MPI communication optimization for CFD application on supercomputer with complex node connection topology

JAXA Supercomputer System Annual Report February 2024-January 2025

Report Number: R24EFHC0313

Subject Category: Common Business

Responsible Representative: Megumi Kamata, Security and Information Systems Department Supercomputer Division
Contact Information: Megumi Kamata, Yoimi Kojima(kamata.megumi@jaxa.jp,kojima.yoimi@jaxa.jp)
Members: Megumi Kamata, Yoimi Kojima

Abstract

Computational Fluid Dynamics (CFD) is an essential technology for aerospace engineering and major application of the high-performance computing. Most of CFD software employs MPI for parallelization. In large-scale supercomputers, the computational nodes which are allocated for CFD can be scattered over the interconnect and the communication between faraway nodes suffers parallel efficiency of the CFD software.Some modern supercomputer systems such as Fugaku and JSS3 (JAXA supercomputer system generation 3) employ advanced interconnect (Tofu interconnect) to provide efficient and high-throughput communication between computation nodes. However, due to the high complexity of the network topology, it is difficult to achieve optimal MPI communication if we rely only on the automatic rank allocation which has no connection with the data structure of CFD application.

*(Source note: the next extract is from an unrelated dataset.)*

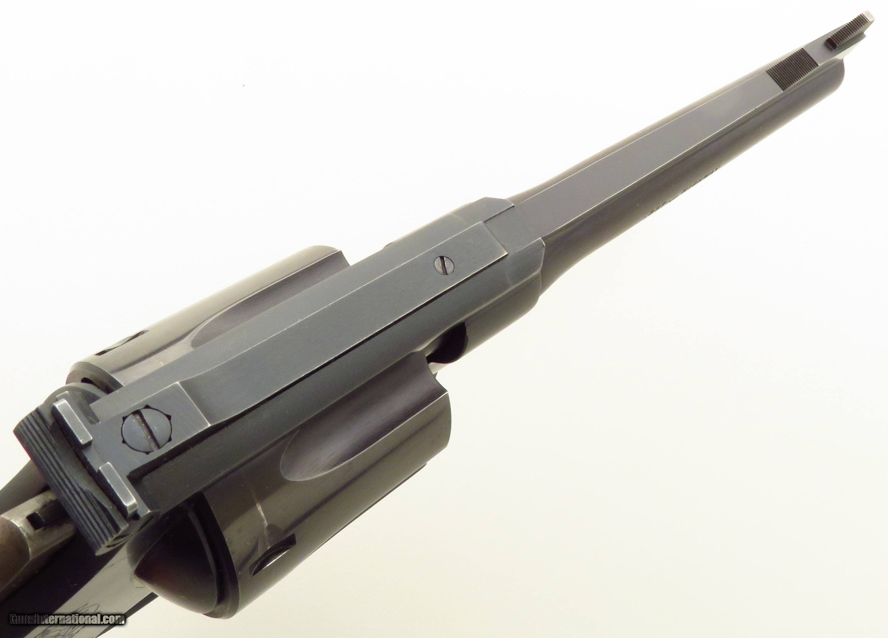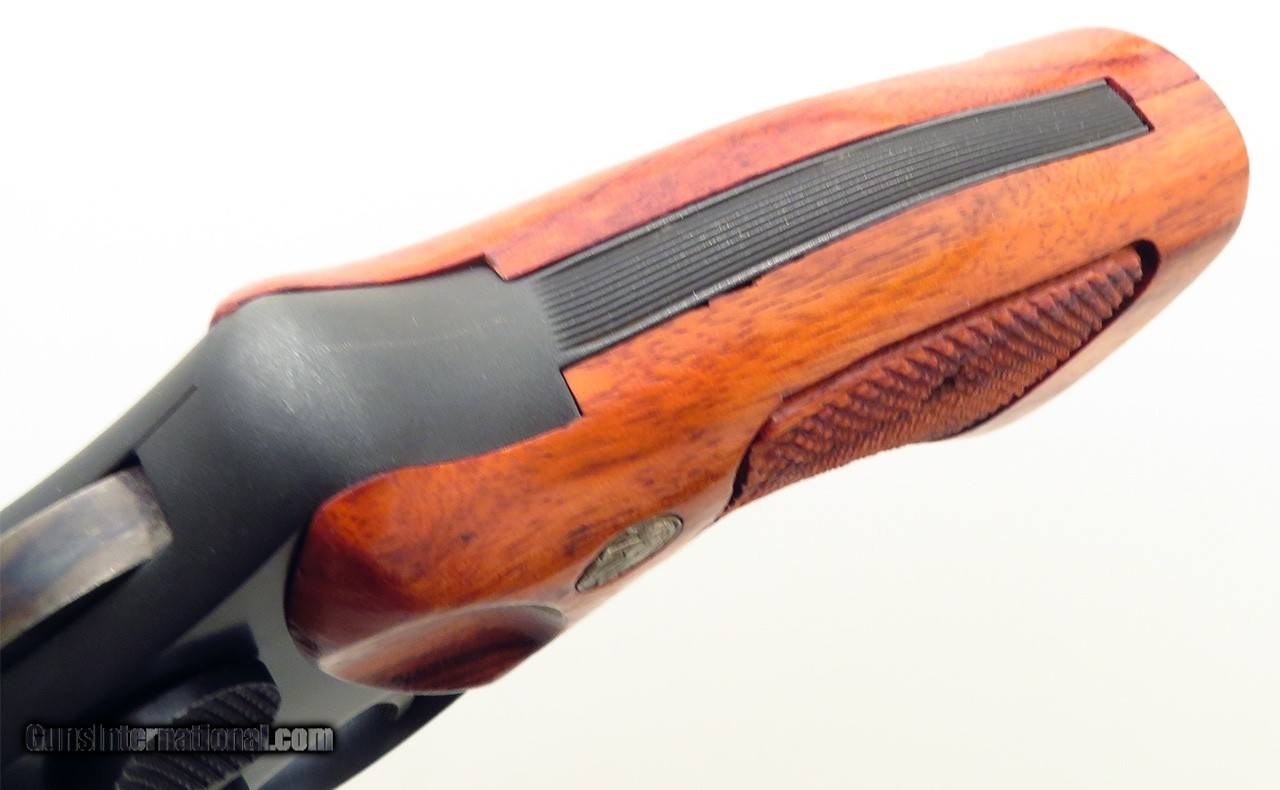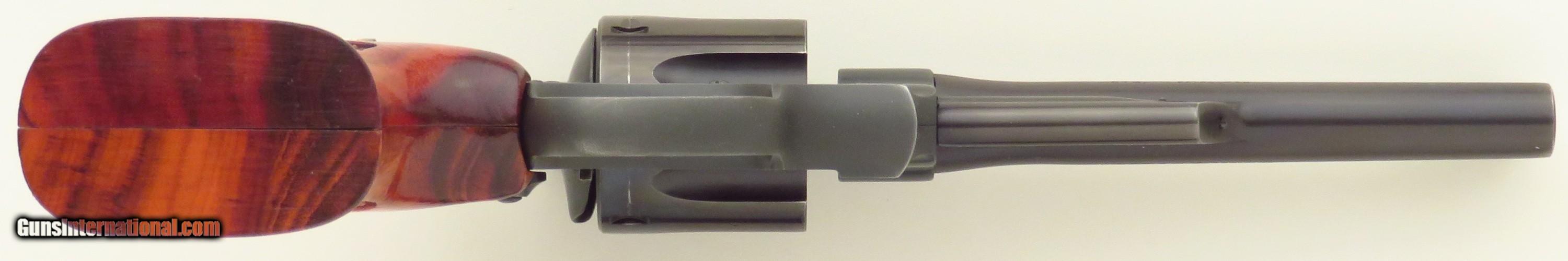 Description: Smith & Wesson Model 28-2 Highway Patrolman .357 Magnum. Made circa 1985, serial N950837 has a six-inch barrel (integral rib with serrated ramp, serrated blade front sight). Features include a matte finish, adjustable rear sight, color case hammer (narrow, checkered spur), recessed cylinder, color case trigger (narrow, serrated face) and target grips. No box or papers. CONDITION: The bore is strong and bright. Cylinder walls are smooth. Trigger pulls are smooth. The cylinder rotates and locks properly. Metal finish is approximately 95 percent. Grips are 99 percent. The price is firm. $950 plus shipping. Handgun Caliber: .357 Magnum Price: $950.00 Shipping: $40.00 Contact Seller |

In this study, we aim to achieve optimal MPI communication for CFD application on supercomputer system with complex node connection topology, such as Tofu interconnect..We implement MPI rank reordering function to a CFD solver developed by JAXA and evaluate its effect.

Reference URL

N/A

Reasons and benefits of using JAXA Supercomputer System

This study aims to improve the performance of CFD applications on supercomputers. Since it is necessary to verify the performance by running the program on an actual supercomputer, a supercomputer was utilized for this purpose.

Achievements of the Year

We implemented MPI rank optimization method for CFD application and evaluated its effect on supercomputer with complex node connection topology. The results indicates that the optimization could improve strong scaling in certain situation.

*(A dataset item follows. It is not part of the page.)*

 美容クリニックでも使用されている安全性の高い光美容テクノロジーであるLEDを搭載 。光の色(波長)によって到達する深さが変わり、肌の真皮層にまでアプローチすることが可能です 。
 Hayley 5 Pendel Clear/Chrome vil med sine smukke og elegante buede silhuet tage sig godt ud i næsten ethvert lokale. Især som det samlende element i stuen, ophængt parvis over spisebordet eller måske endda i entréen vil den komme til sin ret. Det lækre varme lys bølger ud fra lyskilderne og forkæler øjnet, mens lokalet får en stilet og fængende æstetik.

Fig.1: The figure shows the improved case (blue curves) which shows significant improvement of the strong scaling when the MPI rank optimization is applied. On the other hand, in the unimproved case, the strong scaling is not improved regardless if it is optimized or not

Publications

- Other

Presented at JAXA booth in SC24

Usage of JSS

Computational Information

Process Parallelization Methods: MPI
Thread Parallelization Methods: N/A
Number of Processes: 48 - 2880
Elapsed Time per Case: 30 Minute(s)

JSS3 Resources Used

Fraction of Usage in Total Resources*1(%): 0.11

Details

Please refer to System Configuration of JSS3 for the system configuration and major specifications of JSS3.

Computational Resources
System Name	CPU Resources Used (Core x Hours)	Fraction of Usage*2(%)
TOKI-SORA	3028682.76	0.14
TOKI-ST	3.99	0.00
TOKI-GP	0.00	0.00
TOKI-XM	0.00	0.00
TOKI-LM	0.00	0.00
TOKI-TST	0.00	0.00
TOKI-TGP	0.00	0.00
TOKI-TLM	0.00	0.00

File System Resources
File System Name	Storage Assigned (GiB)	Fraction of Usage*2(%)
/home	84.58	0.06
/data and /data2	8604.29	0.04
/ssd	726.55	0.04

Archiver Resources
Archiver Name	Storage Used (TiB)	Fraction of Usage*2(%)
J-SPACE	17.59	0.06

*1: Fraction of Usage in Total Resources: Weighted average of three resource types (Computing, File System, and Archiver).

*2: Fraction of Usage：Percentage of usage relative to each resource used in one year.

ISV Software Licenses Used

ISV Software Licenses Resources
	ISV Software Licenses Used (Hours)	Fraction of Usage*2(%)
ISV Software Licenses (Total)	0.00	0.00

*2: Fraction of Usage：Percentage of usage relative to each resource used in one year.